Librerías a utilizar

Cada una de estas librerías se utilizan para realizar análisis estadístico y visualizaciones de la base de datos generada por DOAJ en formato CSV.

# URL oficial de DOAJ
url_doaj <- "https://doaj.org/csv"
# Descargar del CSV
temp <- tempfile(fileext = ".csv")
download.file(url_doaj, destfile = temp, method = "libcurl")

# Lectura de la BBDD
journal <- read.csv(temp, stringsAsFactors = FALSE)

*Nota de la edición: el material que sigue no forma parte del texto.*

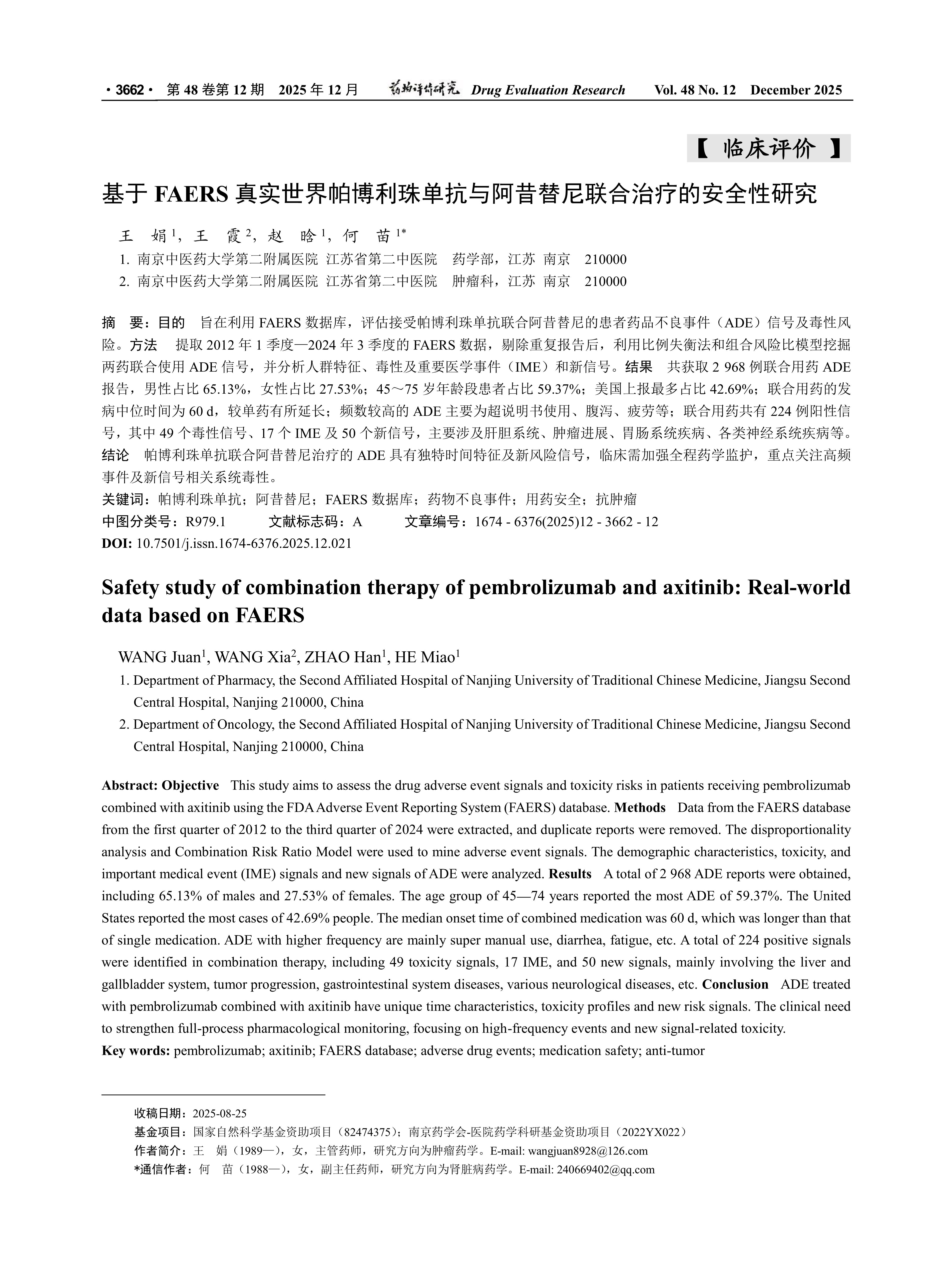 国家自然科学基金资助项目(82474375); 南京药学会-医院药学科研基金资助项目(2022YX022)
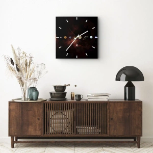 Nástenné hodiny - Planéty slnečnej sústavy na pozadí čiernej galaxie - 30x30cm - Naša štvrť - Moderná nástenná dekorácia do obývacej izby, kuchyne a spálne ARTTOR
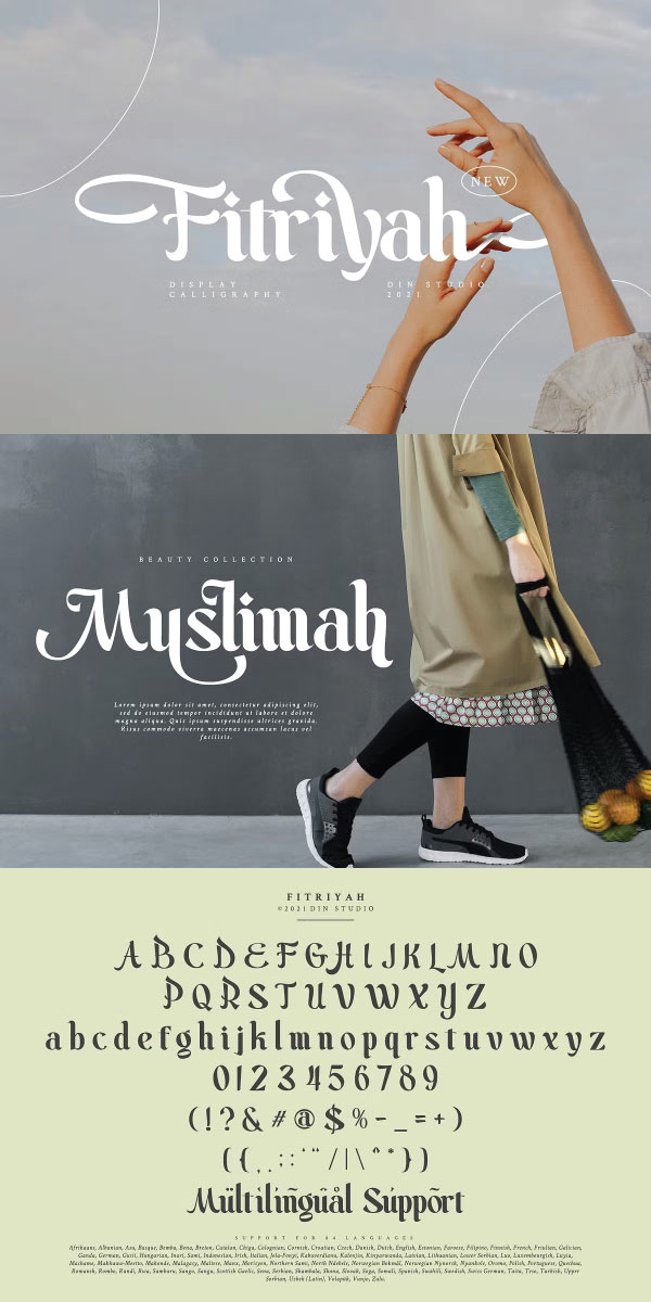 Fitriyah display font includes Multilingual Options to make your branding globally acceptable. See the previews above to get some inspiration on how you can use them.
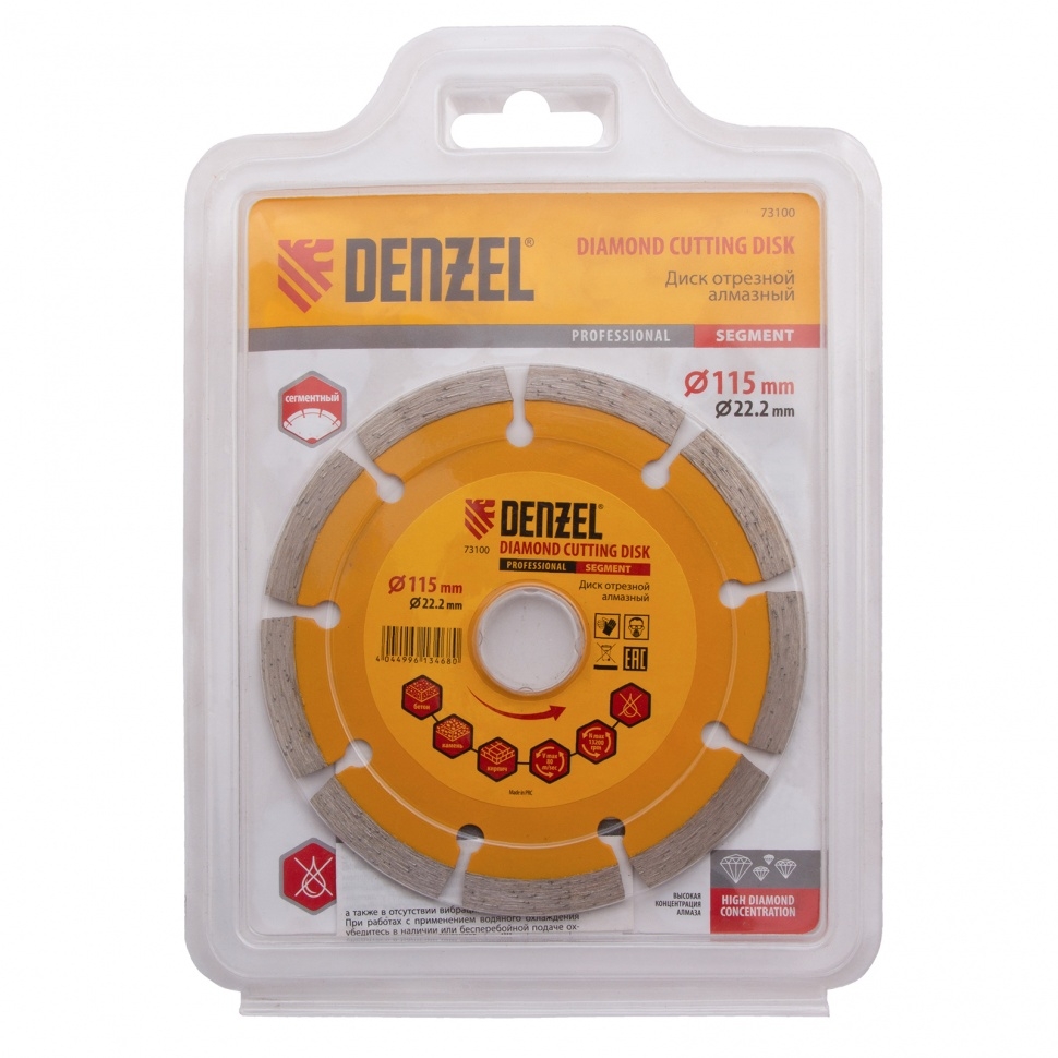 Отрезной алмазный диск Denzel Сегментный ф115 х 22,2 мм 73100 используется для сухого резания по свежему и старому бетону, камню, кирпичу, шлакоблоку, мрамору, тротуарной плитке. Он применяется в качестве сменного инструмента с профессиональными и бытовыми УШМ. Диск сегментного типа отличается высокой производительностью даже при интенсивных нагрузках, не требует водяного охлаждения.Преимущества Эффективность реза плотных материалов обеспечивает сбалансированная металлическая связка, устойчивая к перегреву и перегрузкам. Рабочая часть с высококонцентрированным алмазным слоем шириной 7 мм повышает скорость реза и износостойкость диска. Диск разделен на сегменты, что способствует хорошему отводу пыли во время работы. Изготовление по технологии холодного прессования позволяет добиться хороших режущих свойств диска.
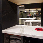 Dekton Kelya har ett utseende inspirerad av natursten med mörka skuggor. Baserad på en svart marmor med mjuka ådror lyfts den fram på ett varmt sätt..
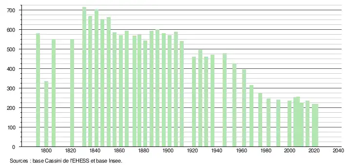 L'évolution du nombre d'habitants est connue à travers les recensements de la population effectués dans la commune depuis 1793. Pour les communes de moins de 10 000 habitants, une enquête de recensement portant sur toute la population est réalisée tous les cinq ans, les populations légales des années intermédiaires étant quant à elles estimées par interpolation ou extrapolation[24]. Pour la commune, le premier recensement exhaustif entrant dans le cadre du nouveau dispositif a été réalisé en 2004[25].
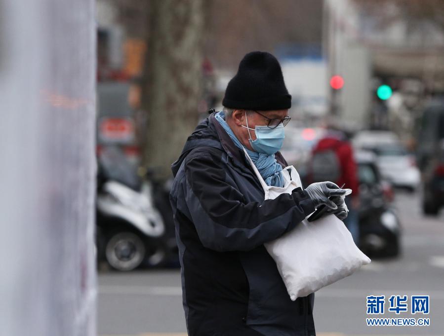 1月20日,在法國巴黎街頭,一名等紅燈的老人戴著口罩和塑料手套。新華社記者 高靜 攝
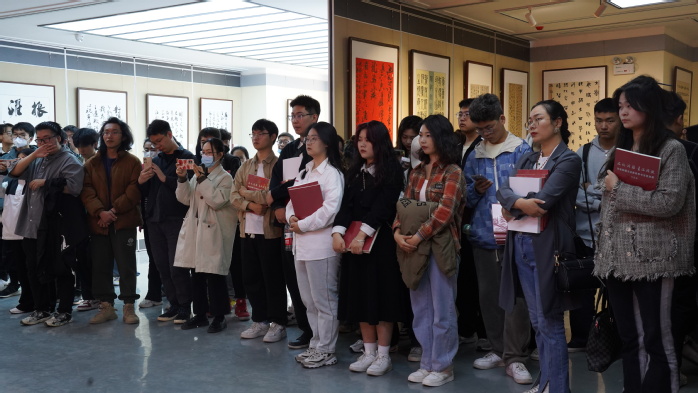新疆教科院德育美育健康教育中心主任鲁粲、新疆书法家协会副主席刘建新、陈伯阳和相关文化公司负责人、获奖代表、参展人员以及新疆艺术学院相关学院、部门负责人、部分师生参加开幕式。
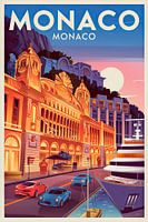De prachtige achtergrond van Monaco schittert in een magisch avondlicht, waar elegante jachten dobberen in de haven en de kleurrijke skyline wordt omzoomd door luxe voertuigen. Het majestueuze gebouw, dat de pracht en praal van vervlogen tijden uitstraalt, wordt omlijst door zachte kleurovergangen, terwijl de ondergaande zon het tafereel in een warm licht baadt. Een juweel aan de Côte d'Azur!
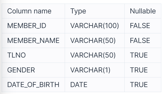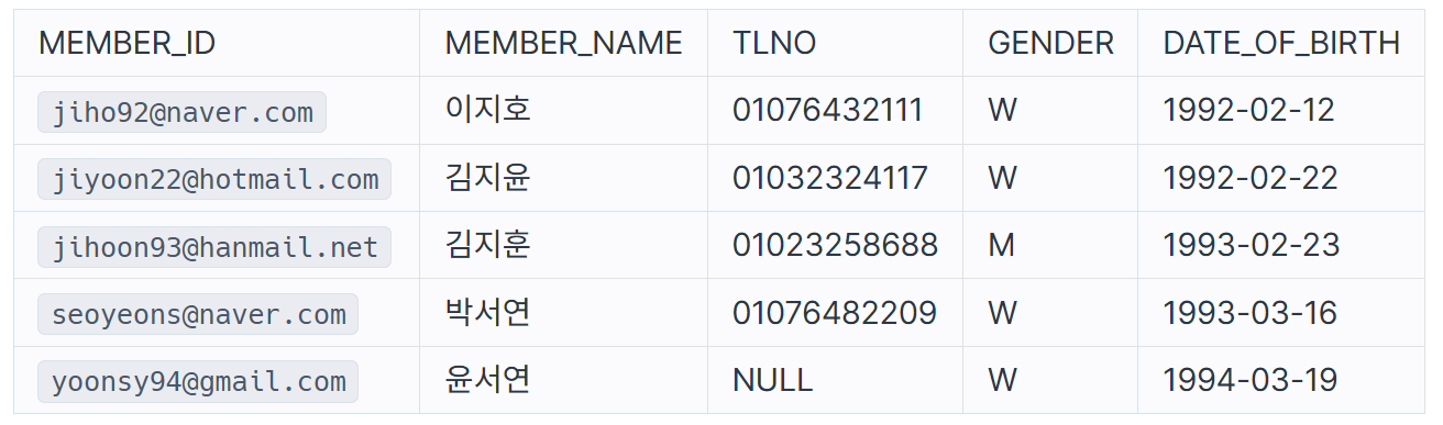 다음은 식당 리뷰 사이트의 회원 정보를 담은 MEMBER_PROFILE 테이블입니다. MEMBER_PROFILE 테이블은 다음과 같으며 MEMBER_ID, MEMBER_NAME, TLNO, GENDER, DATE_OF_BIRTH는 회원 ID, 회원 이름, 회원 연락처, 성별, 생년월일을 의미합니다.
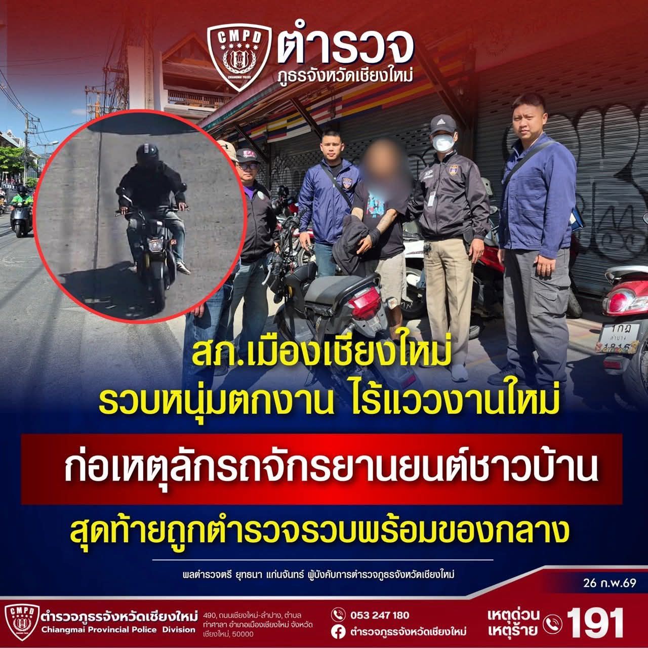 สภ.เมืองเชียงใหม่ รวบหนุ่มตกงาน ไร้แววงานใหม่ ก่อเหตุลักรถจักรยานยนต์ ชาวบ้าน

# transformación en tibble
journal <- as_tibble(journal)
head(journal)
# A tibble: 6 × 51
  Journal.title Journal.URL URL.in.DOAJ When.did.the.journal…¹ Alternative.title
  <chr>         <chr>       <chr>                        <int> <chr>            
1 Nyimak: Jour… http://jur… https://do…                   2017 ""               
2 MCBS (Molecu… https://ce… https://do…                   2017 ""               
3 Acta Univers… https://ka… https://do…                   2014 "AUC Philologica"
4 Cuadernos pa… https://re… https://do…                   2016 "CILH"           
5 Enfances, Fa… https://jo… https://do…                   2014 ""               
6 RUDN Journal… http://jou… https://do…                   2008 "Vestnik Rossijs…
# ℹ abbreviated name:
#   ¹​When.did.the.journal.start.to.publish.all.content.using.an.open.license.
# ℹ 46 more variables: Journal.ISSN..print.version. <chr>,
#   Journal.EISSN..online.version. <chr>, Keywords <chr>,
#   Languages.in.which.the.journal.accepts.manuscripts <chr>, Publisher <chr>,
#   Country.of.publisher <chr>, Other.organisation <chr>,
#   Country.of.other.organisation <chr>, Journal.license <chr>, …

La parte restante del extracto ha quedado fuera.